Base erosion and profit shifting refers to tax planning techniques by companies that exploit gaps in international and domestic tax laws, as well as mismatches between domestic tax systems, to shift profits. As a result, corporate tax rates are unduly low and do not reflect the realities of the underlying economic transactions.
The global international tax framework reflected in countries’ domestic law and bilateral tax treaties assumes that multinational companies will be taxable either in the country where the income is earned (the source state) or the country where the multinational is headquartered (the residence state) – depending on the nature of the cross-border activity undertaken by the multinational enterprise.
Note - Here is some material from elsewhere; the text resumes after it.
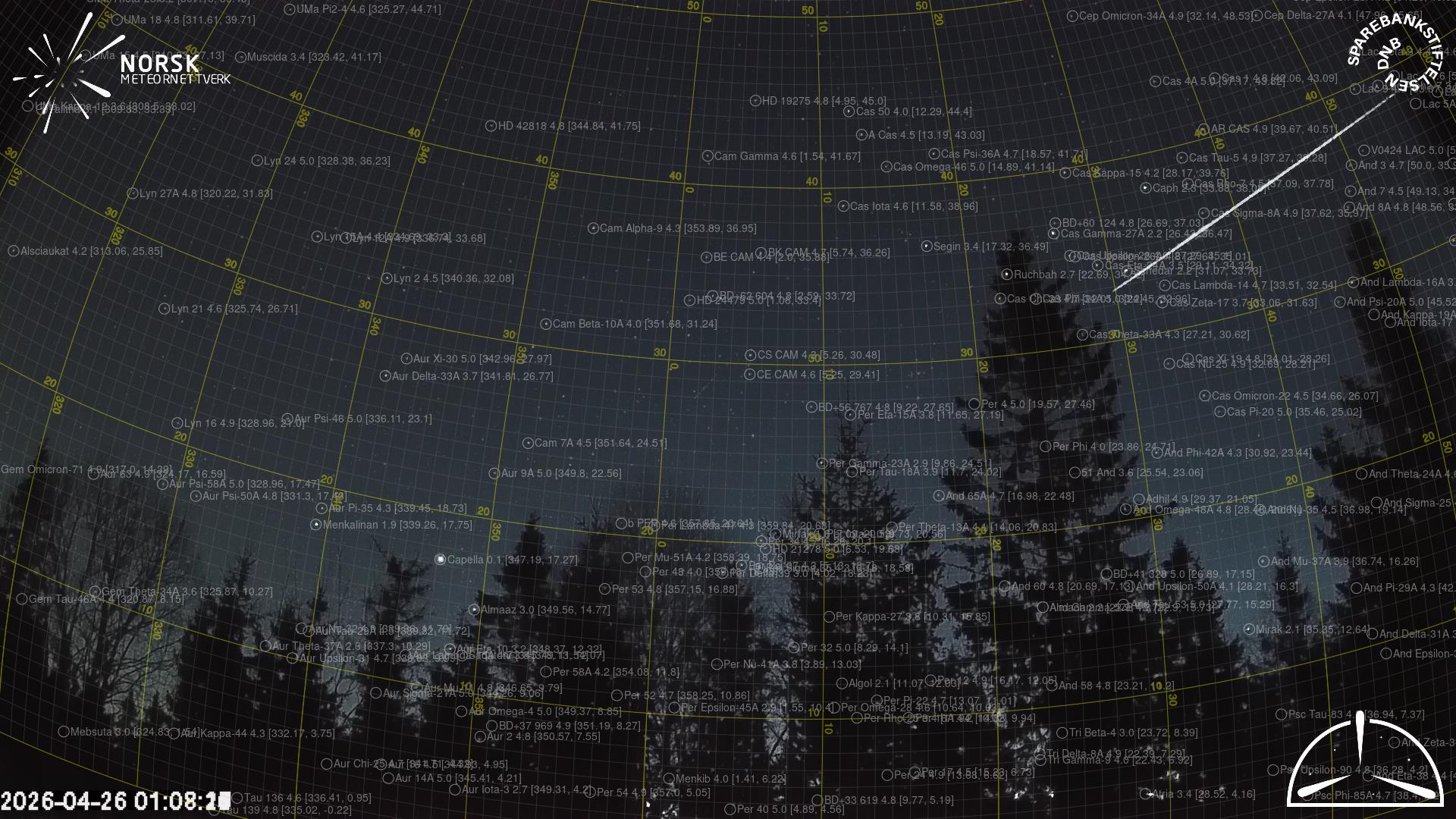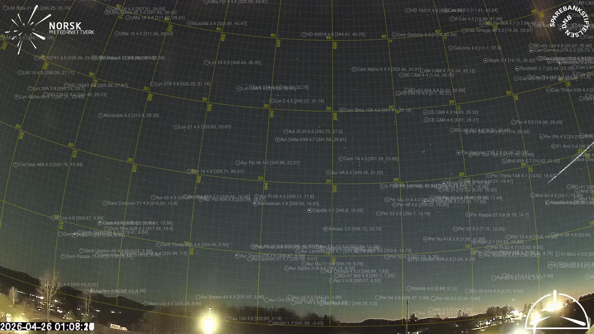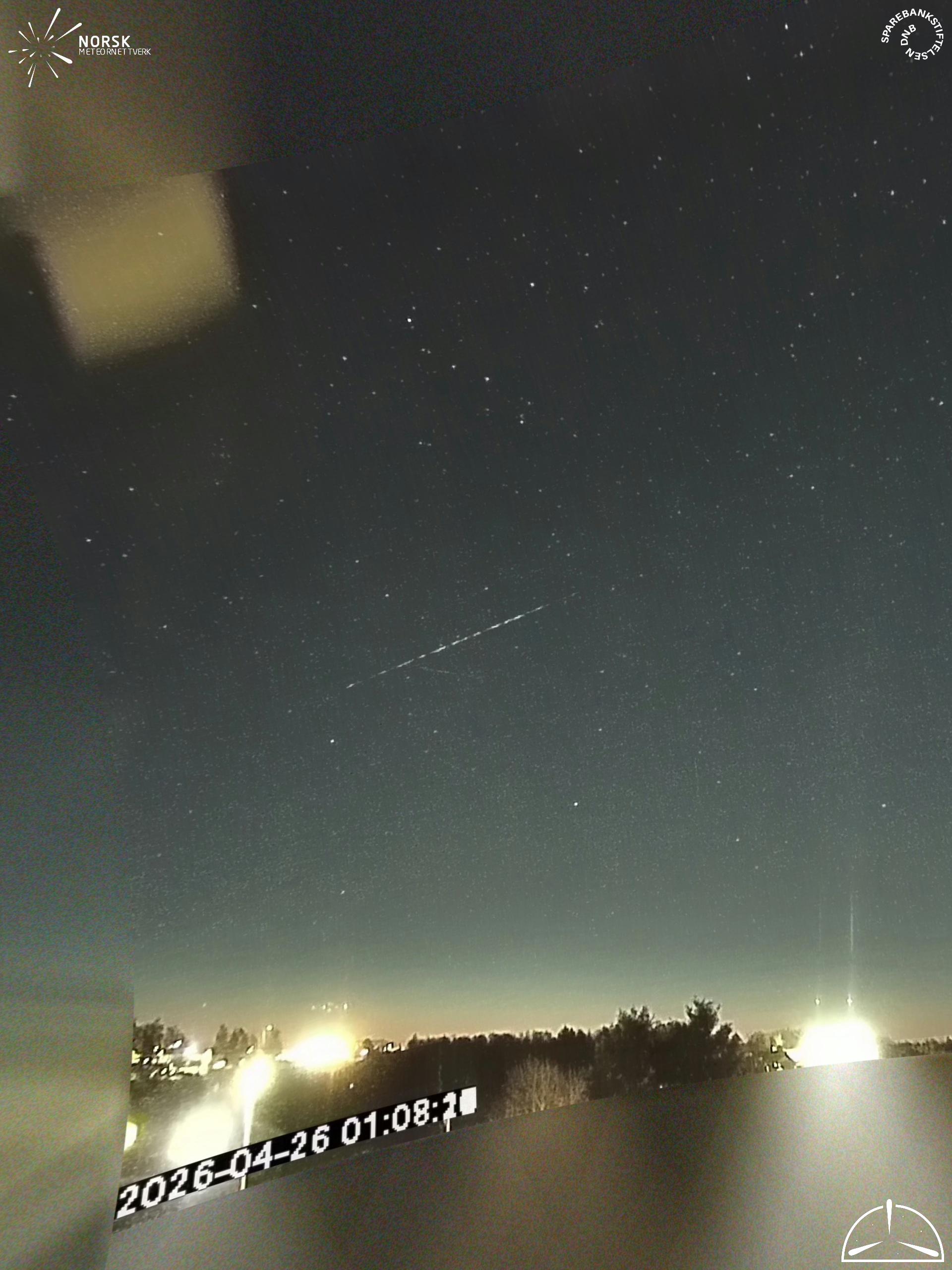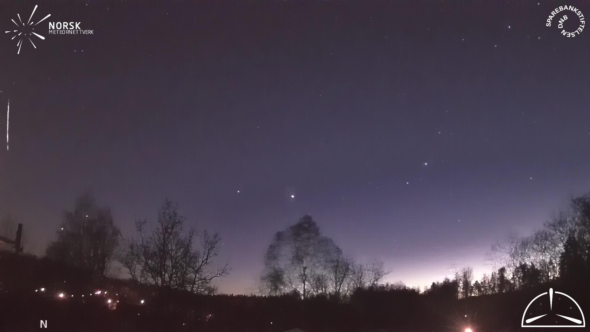 Kartet viser peilingene for meteoren. De lysere linjene viser retningene fra observasjonsstedene for meteorens tilsynekomst, og de mørkere linjene viser hvor den sist kunne sees. Den blå pila viser meteorens synlige ferd.

However, international tax standards, both in terms of domestic law and bilateral arrangements, have not kept pace with developments in the global economy.
The causes of base erosion and profit shifting are manifold and include, among others, gaps and inadequacies of domestic laws, insufficient controlled foreign company rules, transfer mispricing, tax treaty abuses or problems arising from hybrid mismatch arrangements.
The tax laws and policies of one country, as well as the practices of multinational companies, can adversely affect another country’s ability to mobilize domestic revenue. Whether it is intended or not, base erosion and profit shifting can result in a country losing significant tax revenue and consequently undermine its development.
Subcommittee on BEPS for Developing Countries
The Subcommittee is mandated to draw upon its own experience and engage with other relevant bodies, particularly the OECD, with a view to monitoring developments on base erosion and profit shifting issues and communicating on such issues with officials in developing countries directly and through regional and inter-regional organizations.